The Securities and Exchange Commission filed civil charges against Countrywide’s co-founder last Thursday, alleging he raked in more than $139 million of improper profits by exercising stock options in 2006 and 2007 while the nation’s housing market and Countrywide’s finances were collapsing.
Now Bank of America, which accepted $45 billion from the U.S. government’s Troubled Asset Relief Program, is picking up the tab to defend one of the key players in the subprime mortgage mess that created all those troubled assets.
Excuse us for being blunt (and clearly rhetorical), but have our lawmakers lost their minds?
Mozilo made $139 million in just two years selling subprime loans. He can surely afford his own legal team.

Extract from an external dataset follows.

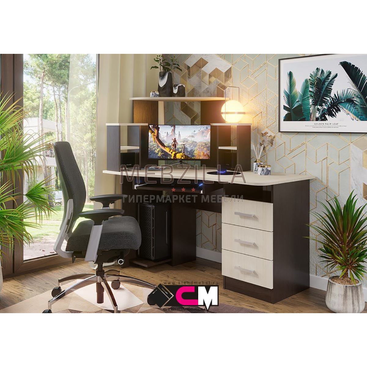 Компьютерный стол №1 отлично подойдет для комнаты школьника или рабочего кабинета. Стильный стол оснащен надстройкой, в виде полок для размещения книг, журналов, часов, а также тремя выдвижными ящиками для канцелярских принадлежностей, полкой под клавиатуру и системный блок. Современный дизайн гармонично впишется в любой интерьер.

In fact, he’s probably better capitalized than Bank of America which even after passing a stress test is still unable to function without the assistance of John Q. Public and his wealthy Uncle Sam.
The Obama Administration has no problem trampling on contracts in order to get what it wants, just ask GM(GMGMQ Quote) and Chrysler bondholders who were stiffed of their rightful due in favor of the politically powerful UAW. Likewise, Congress bowed to public pressure to unfairly – and perhaps unlawfully – tax AIG(AIG Quote) executives out of bonuses they legally, however undeservedly, earned.
As for the Supreme Court checking and/or balancing the frightening power grabs of Washington’s other two branches of government, well, to quote their lame excuse for bowing out of the Chrysler case, “they have not carried that burden.”
If that’s the way Washington wants to play it, then we say the government should force Bank of America to call off all bets with Mozilo and let him pay his own freight.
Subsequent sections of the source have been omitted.